PROBLEM TO WORK ON:
Make an exact copy of the entries, taking out every picture.

** LISTED RECORDS follows **

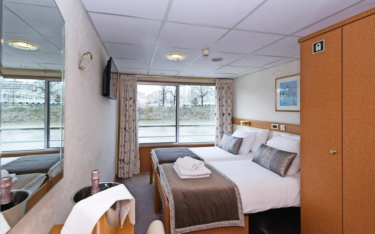 Bei allen Kabinen handelt es sich um Außenkabinen mit einer Grundfläche von 11-14 m². Alle Kabinen verfügen über zwei untere Betten, die entweder getrennt oder zusammenliegend angeordnet sind. Zur Ausstattung gehören Dusche/WC, TV, Safe, Haustelefon und eine individuell regulierbare Klimaanlage. Die Kabinen haben Panoramafenster, die Oberdeck-Kabinen verfügen über einen französischen Balkon.
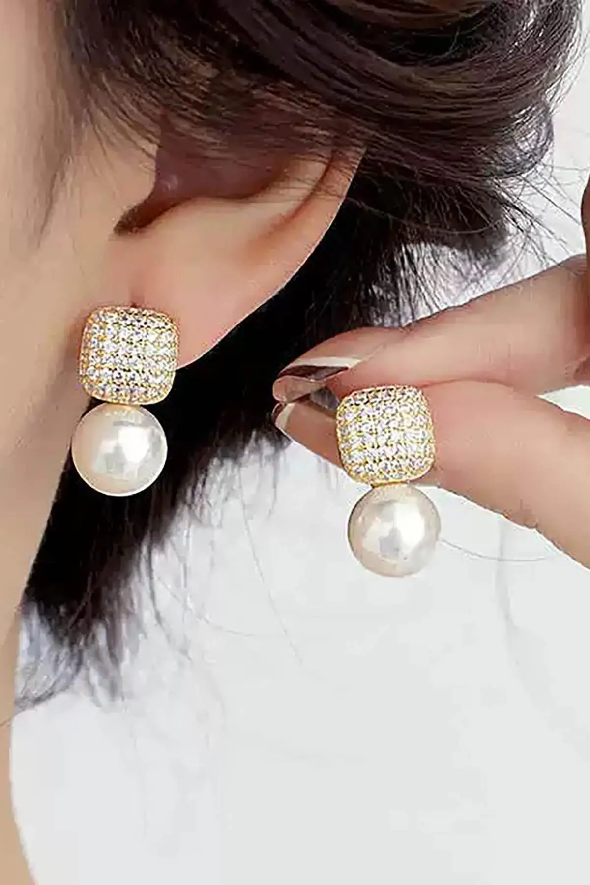 Beyaz Renk Puantiye Detaylı Küpe (Çift)
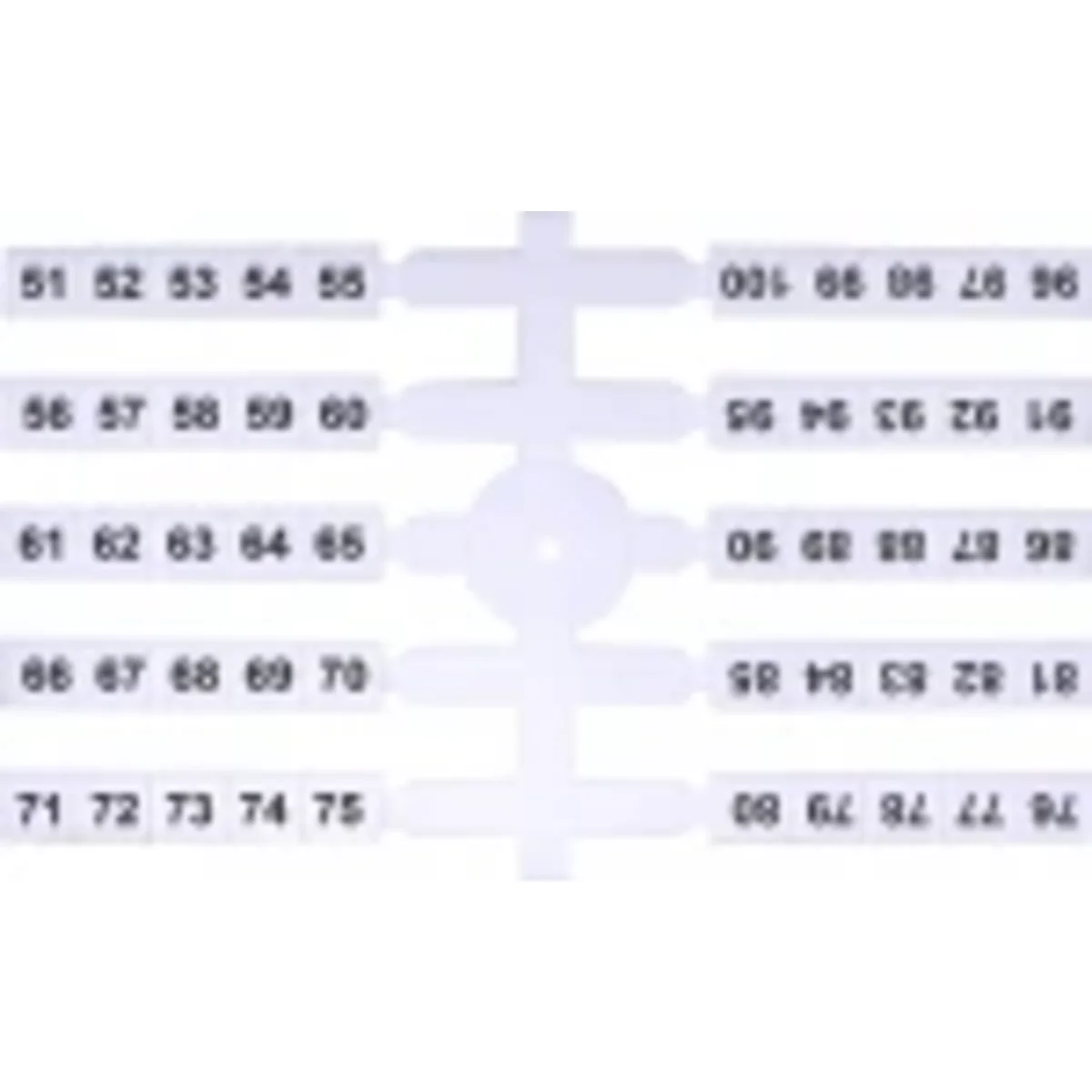 Para marcar conectores roscados VS... PA y soportes PK PA. Se fabrican con y sin impresión en dos tamaños: EO3 (4,8 x 5 mm) y EO4 (4,8 x 11 mm). Los marcadores en los paquetes están conectados entre sí y deben separarse durante la instalación en los conectores.
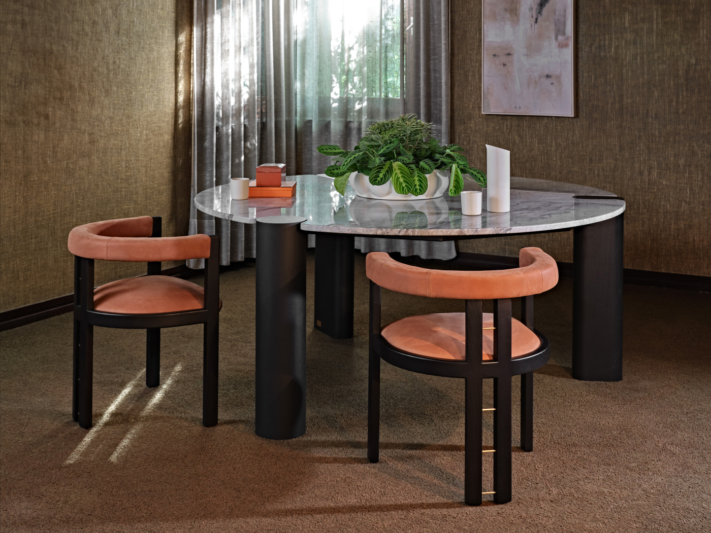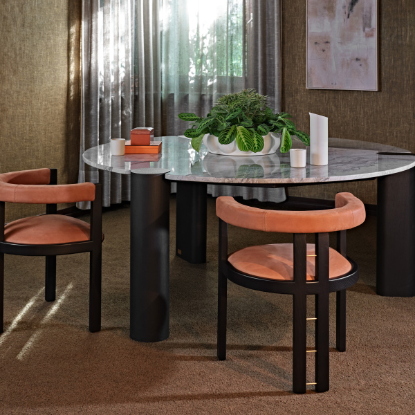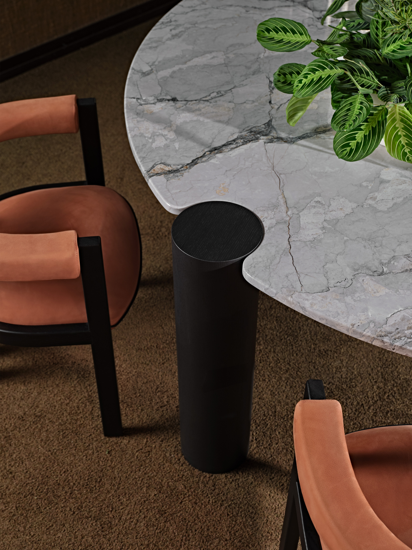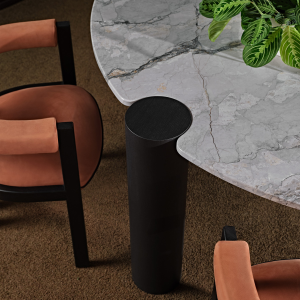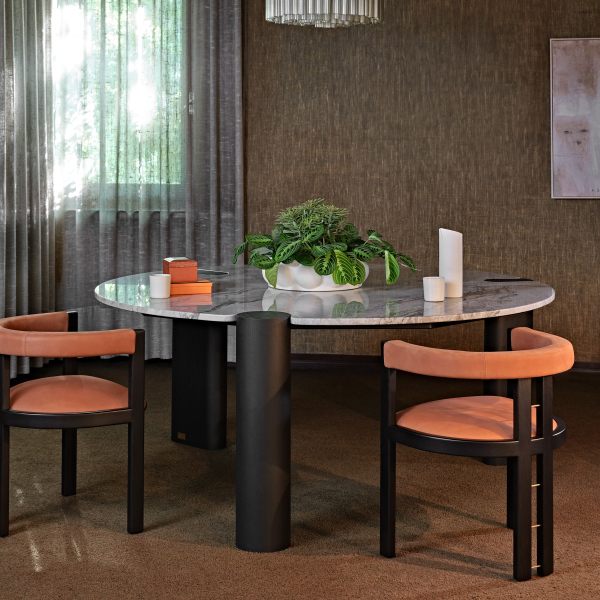 Materia sospesa in un equilibrio gravitazionale: il pregio del tavolo Amoris è nel gioco di forme perfette, che si alternano armoniosamente nel sostenere, in un’illusoria assenza di peso, la pre-gevolezza del marmo e della quarzite. Materiali preziosi in incastri raffinati, che sanno sottoline-are con plastica eleganza le scelte di stile che ge-nerano stupore.
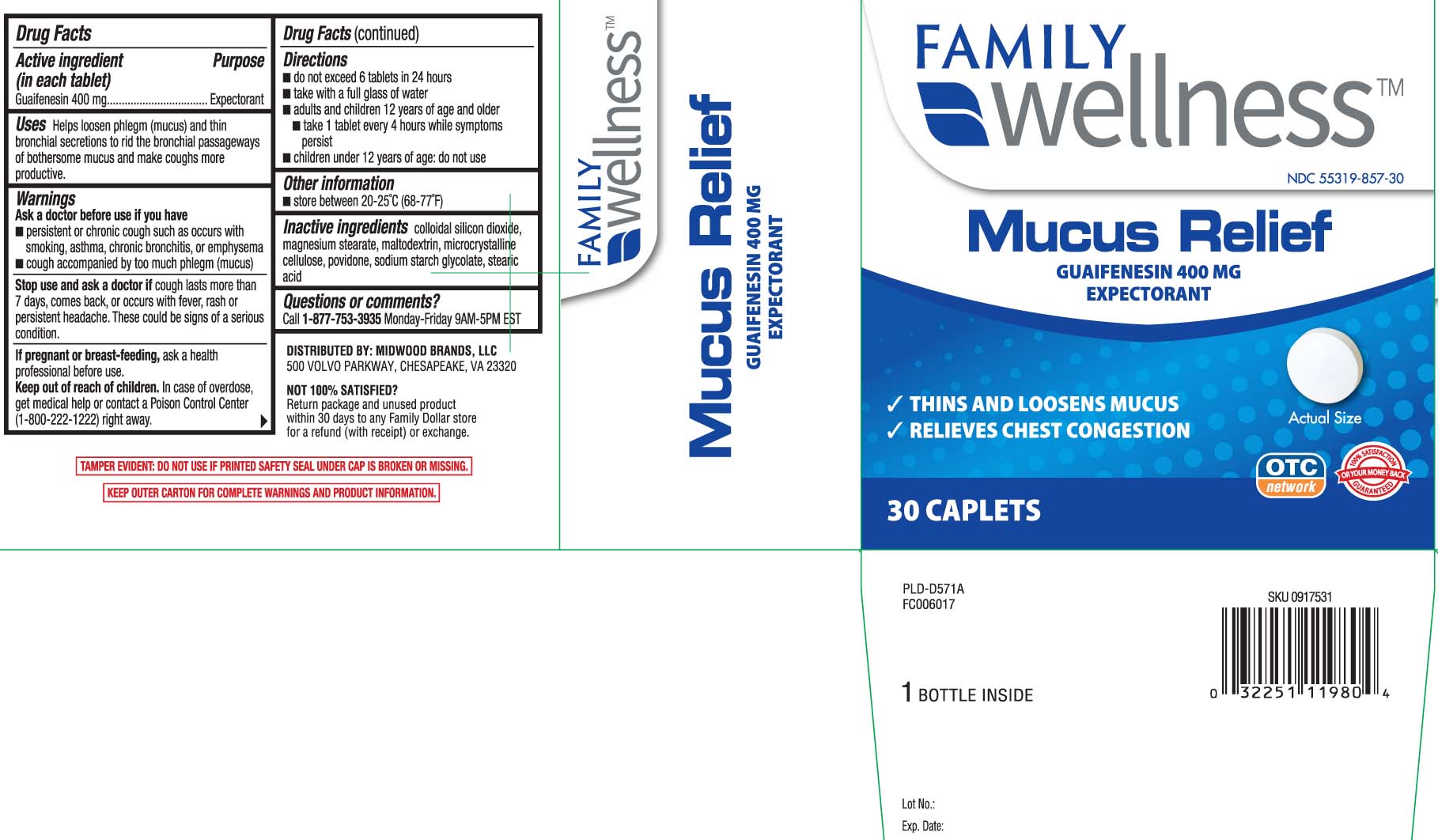 The following image provide visual information about the product associated with Mucus Relief NDC 55319-857 by Family Dollar (family Wellness), such as packaging, labeling, and the appearance of the drug itself. This resource could be helpful for medical professionals, pharmacists, and patients seeking to verify medication information and ensure they have the correct product.
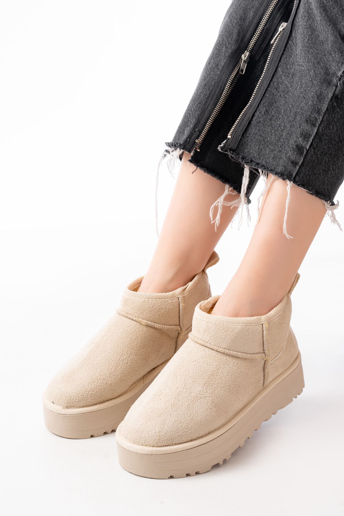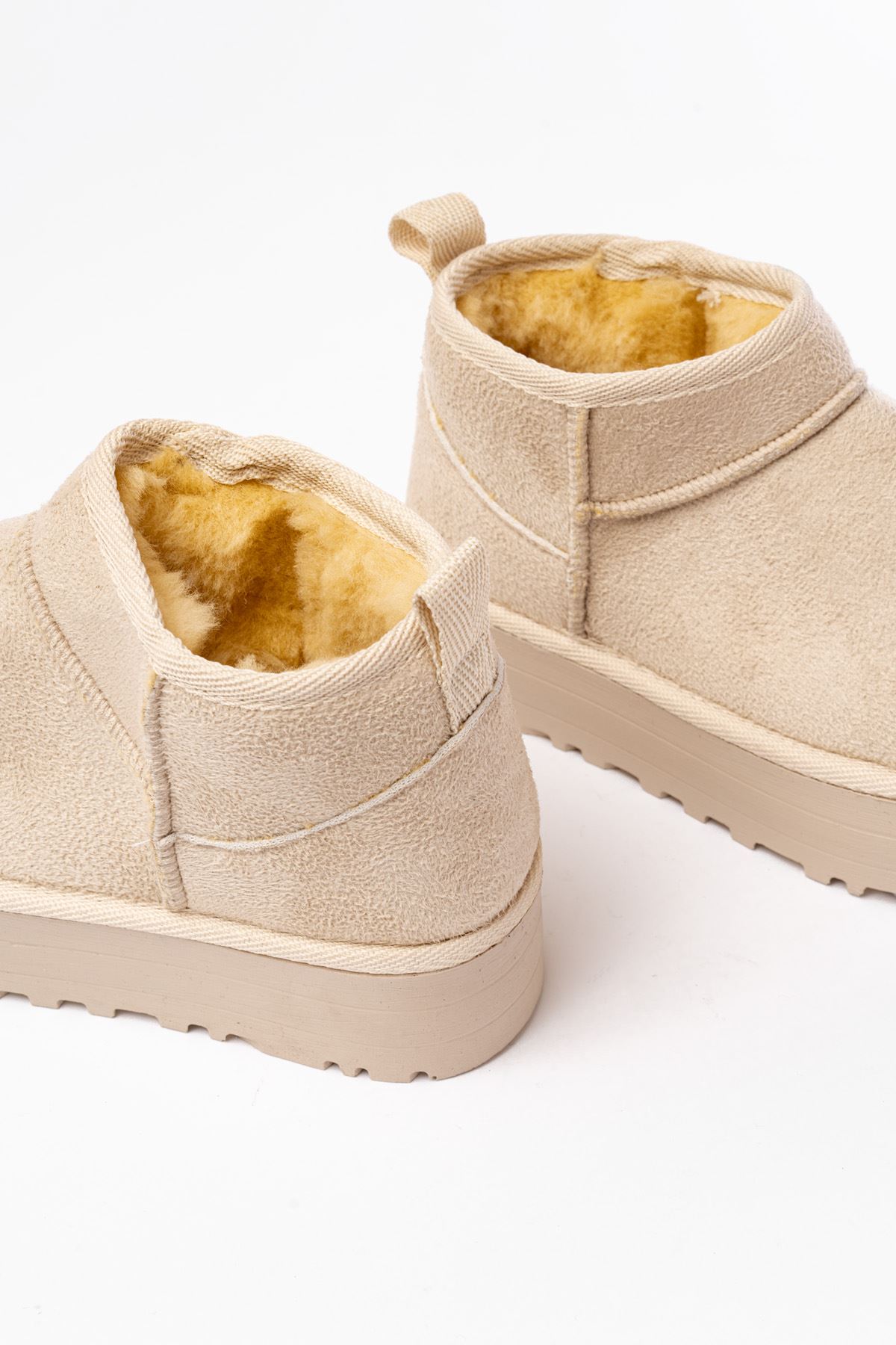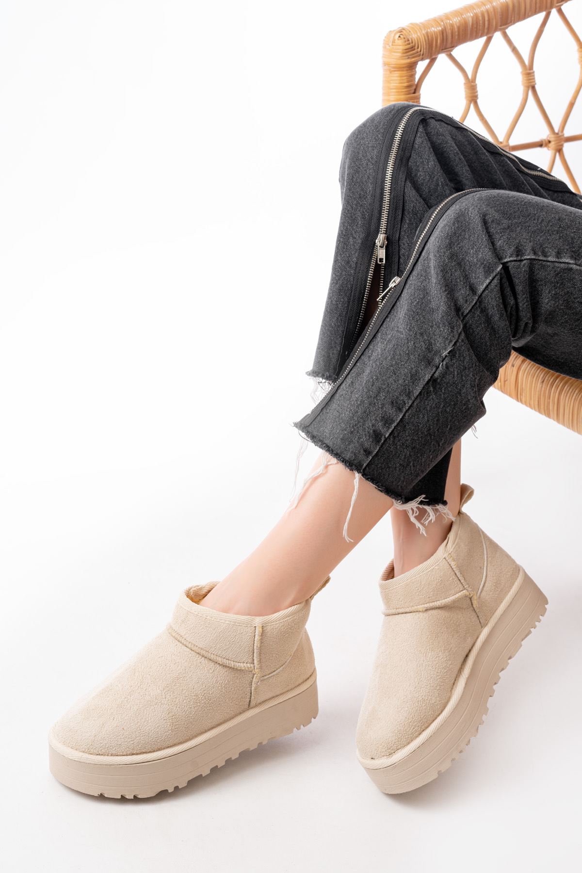 NDR-2850 Bej Süet İçi Kürklü Kışlık Kapalı Burun Kadın Günlük Terlik
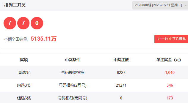 排列3上期(2026080期)开奖号码详情

** End of LISTED RECORDS **

SOLUTION:
 Bei allen Kabinen handelt es sich um Außenkabinen mit einer Grundfläche von 11-14 m². Alle Kabinen verfügen über zwei untere Betten, die entweder getrennt oder zusammenliegend angeordnet sind. Zur Ausstattung gehören Dusche/WC, TV, Safe, Haustelefon und eine individuell regulierbare Klimaanlage. Die Kabinen haben Panoramafenster, die Oberdeck-Kabinen verfügen über einen französischen Balkon.
 Beyaz Renk Puantiye Detaylı Küpe (Çift)
 Para marcar conectores roscados VS... PA y soportes PK PA. Se fabrican con y sin impresión en dos tamaños: EO3 (4,8 x 5 mm) y EO4 (4,8 x 11 mm). Los marcadores en los paquetes están conectados entre sí y deben separarse durante la instalación en los conectores.
 Materia sospesa in un equilibrio gravitazionale: il pregio del tavolo Amoris è nel gioco di forme perfette, che si alternano armoniosamente nel sostenere, in un’illusoria assenza di peso, la pre-gevolezza del marmo e della quarzite. Materiali preziosi in incastri raffinati, che sanno sottoline-are con plastica eleganza le scelte di stile che ge-nerano stupore.
 The following image provide visual information about the product associated with Mucus Relief NDC 55319-857 by Family Dollar (family Wellness), such as packaging, labeling, and the appearance of the drug itself. This resource could be helpful for medical professionals, pharmacists, and patients seeking to verify medication information and ensure they have the correct product.
 NDR-2850 Bej Süet İçi Kürklü Kışlık Kapalı Burun Kadın Günlük Terlik
 排列3上期(2026080期)开奖号码详情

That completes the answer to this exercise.